TASK MATERIAL:
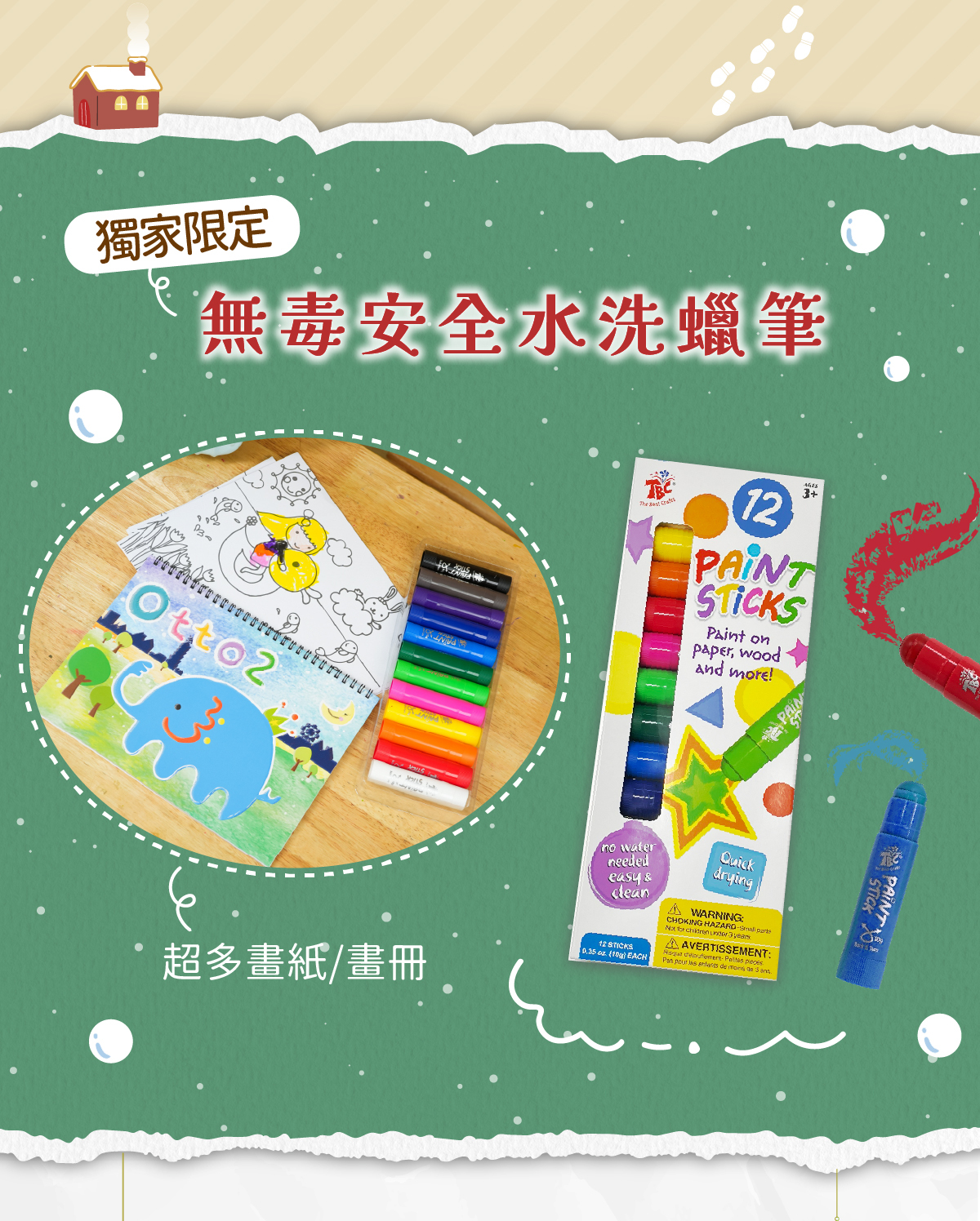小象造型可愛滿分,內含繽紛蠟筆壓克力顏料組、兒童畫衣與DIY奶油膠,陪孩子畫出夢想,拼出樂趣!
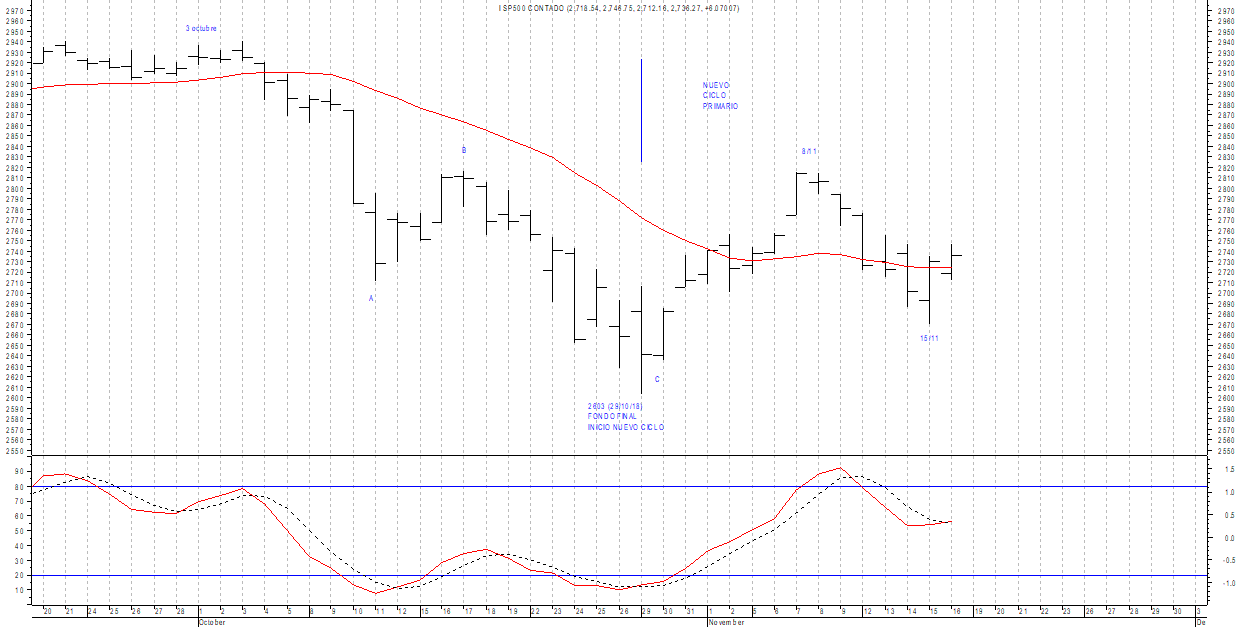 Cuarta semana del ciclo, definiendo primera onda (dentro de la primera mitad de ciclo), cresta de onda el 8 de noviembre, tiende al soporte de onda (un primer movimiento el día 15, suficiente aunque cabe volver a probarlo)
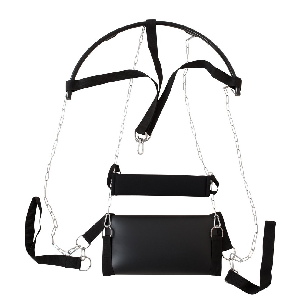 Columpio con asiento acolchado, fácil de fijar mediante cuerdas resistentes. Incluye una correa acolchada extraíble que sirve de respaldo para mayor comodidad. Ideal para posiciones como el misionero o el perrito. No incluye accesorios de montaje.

==

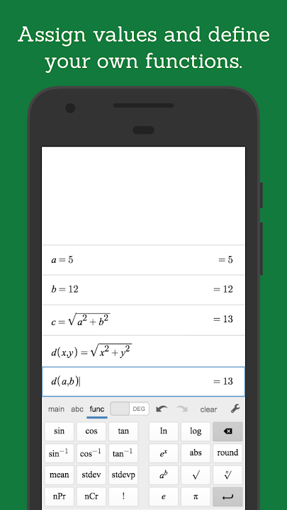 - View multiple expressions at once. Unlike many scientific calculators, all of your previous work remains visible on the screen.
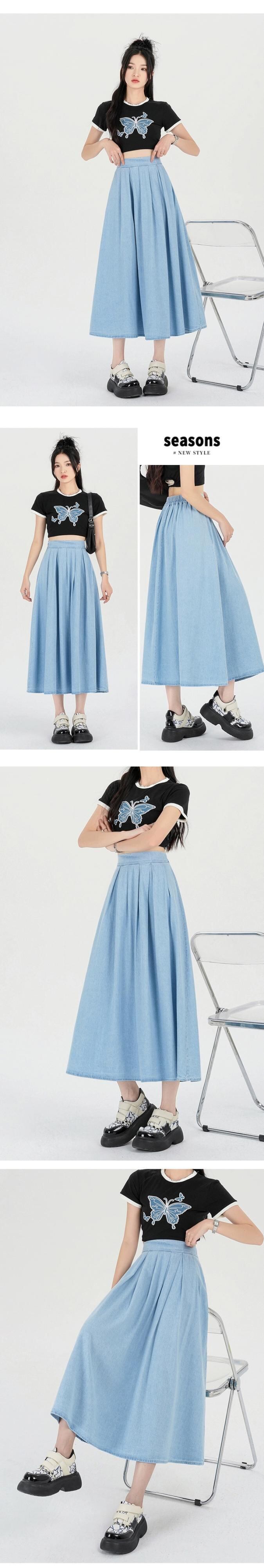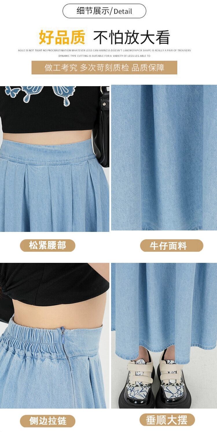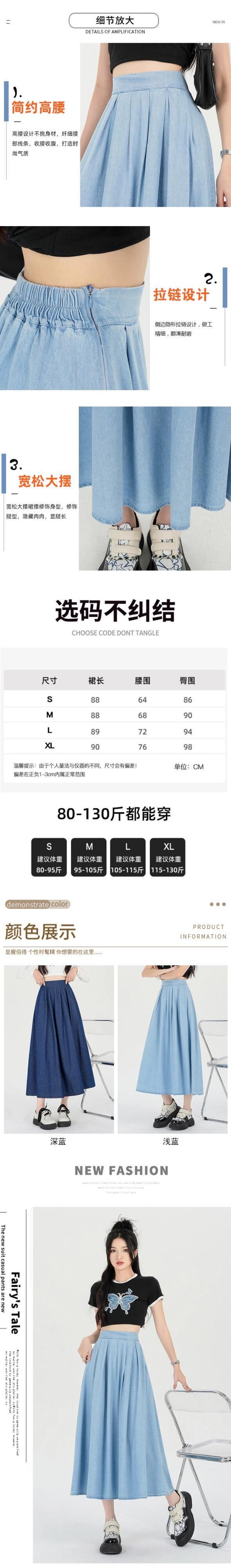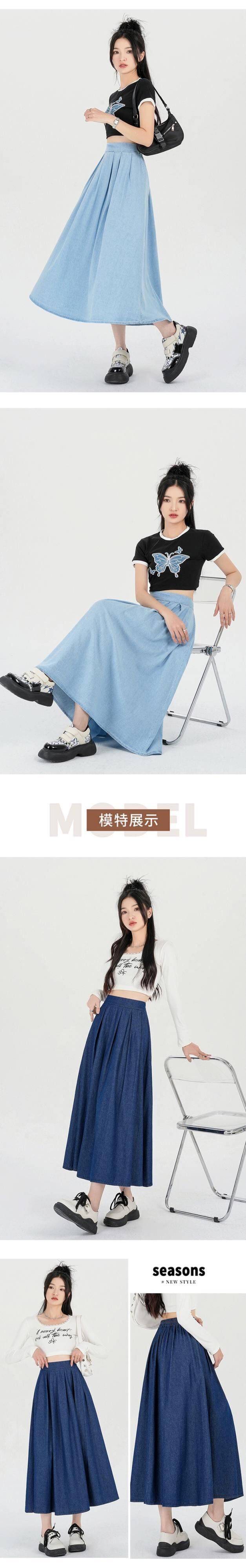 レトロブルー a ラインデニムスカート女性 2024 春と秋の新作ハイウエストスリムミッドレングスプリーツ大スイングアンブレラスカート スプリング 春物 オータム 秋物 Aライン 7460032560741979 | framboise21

* * *

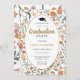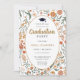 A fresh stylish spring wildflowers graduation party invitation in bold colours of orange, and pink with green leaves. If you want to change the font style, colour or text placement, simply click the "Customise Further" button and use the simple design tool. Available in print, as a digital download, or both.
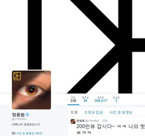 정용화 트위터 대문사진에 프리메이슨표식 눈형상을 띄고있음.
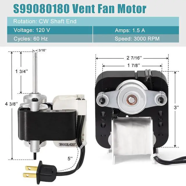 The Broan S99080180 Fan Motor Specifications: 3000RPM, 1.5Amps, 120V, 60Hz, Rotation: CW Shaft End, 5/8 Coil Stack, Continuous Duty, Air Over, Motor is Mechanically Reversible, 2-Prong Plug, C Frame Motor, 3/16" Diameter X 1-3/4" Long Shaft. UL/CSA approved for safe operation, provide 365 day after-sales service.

WHAT NEEDS TO BE DONE: Beginning at the line above that contains "小象造型可愛滿分,內含繽紛蠟" and going on through the line that contains "Cuarta semana del", please copy every line exactly, leaving the pictures out and adding nothing.

SOLUTION BELOW:
小象造型可愛滿分,內含繽紛蠟筆壓克力顏料組、兒童畫衣與DIY奶油膠,陪孩子畫出夢想,拼出樂趣!
 Cuarta semana del ciclo, definiendo primera onda (dentro de la primera mitad de ciclo), cresta de onda el 8 de noviembre, tiende al soporte de onda (un primer movimiento el día 15, suficiente aunque cabe volver a probarlo)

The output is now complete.